В квартире, располагавшейся на втором этаже небесно-голубого дома, было две спальни и гостиная почти без мебели. На первом этаже дома работал магазинчик – пара алюминиевых столов и прилавок (ириски из панелы, бисквиты, сигареты «Пьельроха») – а сразу за прилавком происходило чудесное преображение, пространство превращалось в дом; там жила пара, державшая магазин. Их фамилия была Вильямиль, и было им не меньше шестидесяти. «Май[72] сеньоры», – так Барбьери представил их Элейн, а поняв, что они не разобрали имени новой постоялицы, прибавил на хорошем испанском: «Она тоже гринга, как и я, но ее зовут Элена». Так они и стали к ней обращаться, когда спрашивали, хватает ли ей воды, и когда приглашали заглянуть в магазинчик поздороваться с местными пьянчугами. Элейн переносила это стоически, тосковала по дому Лаверде, стыдилась собственных мыслей избалованной девчонки – и при этом всеми силами старалась избегать Вильямилей. Бетонная лестница с внешней стороны дома позволяла ей оставаться незамеченной, поднимаясь к себе. Барбьери, обходительный до бесцеремонности, никогда этой лестницей не пользовался: каждый день он забегал в магазин рассказать о своих победах и провалах, послушать истории Вильямилей и их покупателей, а также пытался растолковать старикам, каково положение темнокожих в США или о чем поют «The Mamas & The Papas». Элейн наблюдала за ним и восхищалась. Лишь потом она поняла, почему: этот открытый любопытный мужчина, который нахально ее разглядывал и разговаривал так, словно мир ему что-то должен, напоминал ей о Рикардо Лаверде.

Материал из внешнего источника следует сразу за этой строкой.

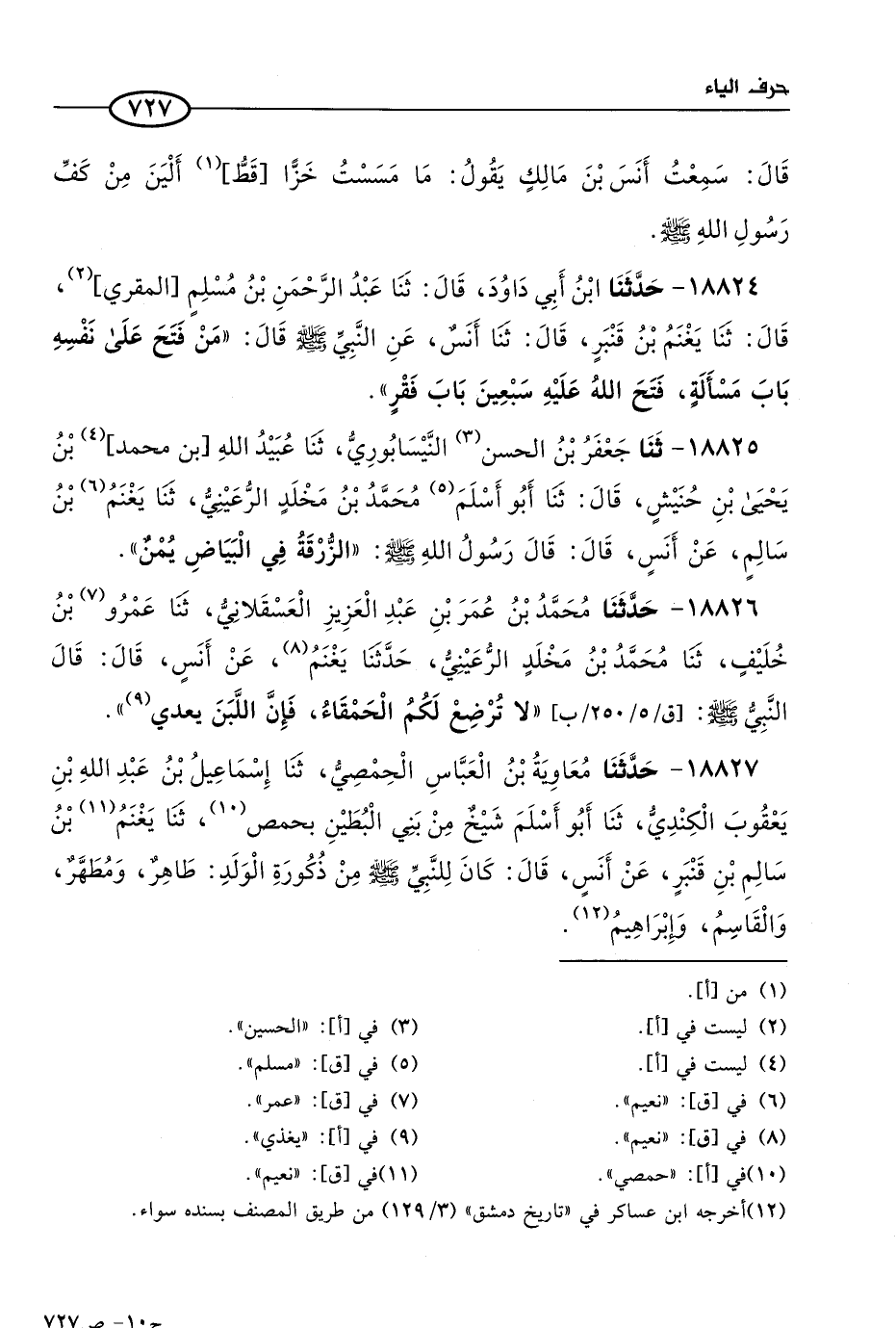 18827 - حَدثنا معاوية بن العباس الحِمصي، حَدثنا إسماعيل بن عَبد الله بن يعقوب الكندي، حَدثنا أَبو أسلم، شيخ من بنى البطين بحمص، حَدثنا يغنم بن سالم بن قنبر، عن أَنَس، قال: كان للنبي صَلى الله عَليه وسلم من ذكورة الولد: طاهر، ومطهر، والقاسم، وإبراهيم.

Двадцать дней, двадцать жарких дней полевого обучения Элейн проработала плечом к плечу с Майком Барбьери и с местным руководителем «Общественного действия», низкорослым и молчаливым, с усами, прикрывавшими заячью губу. У него, для разнообразия, было простое имя: его звали Карлос, просто Карлос, и ей чудилась скрытность или даже угроза в этой простоте, в его умении появляться из ниоткуда, словно призрак, чтобы с утра забрать их, и точно так же исчезать вечером, высадив их возле дома. Элейн и Барбьери, по установившейся традиции, обедали у Карлоса дома, в перерыве между работой с фермерами из соседних районов, встречами с местными политиками и бесплодными переговорами с собственниками земли. Элейн обнаружила, что их работа в деревне состоит в основном из говорения: чтобы обучить крестьян выращивать кур с мягким мясом (нужно было запереть птиц в тесном месте, не давать им бегать по двору), чтобы уломать местных политиков построить школу (от центрального правительства никто уже ничего не ждал) или чтобы убедить богатых, что волонтеры Корпуса мира – не просто банда антикоммунистически настроенных крестоносцев, вначале нужно было сесть за стол и пить, пить, пить, пока не перестанешь понимать слова. «Так что я тут, в основном, разъезжаю на полудохлых клячах и веду беседы с полупьяными людьми, – писала Элейн. – Но, думаю, сама не замечая, чему-то учусь. Майк сказал, что в Колумбии это называют „просечь“. Разобраться, что к чему, научиться действовать правильно, все такое. В общем, погрузиться во что-то. Этим я и занимаюсь. А, и вот что: не пишите мне больше сюда, следующее письмо посылайте в Боготу. Я сейчас поеду туда, там закончу обучение, а дальше – в Ла-Дораду. Там уже все будет всерьез».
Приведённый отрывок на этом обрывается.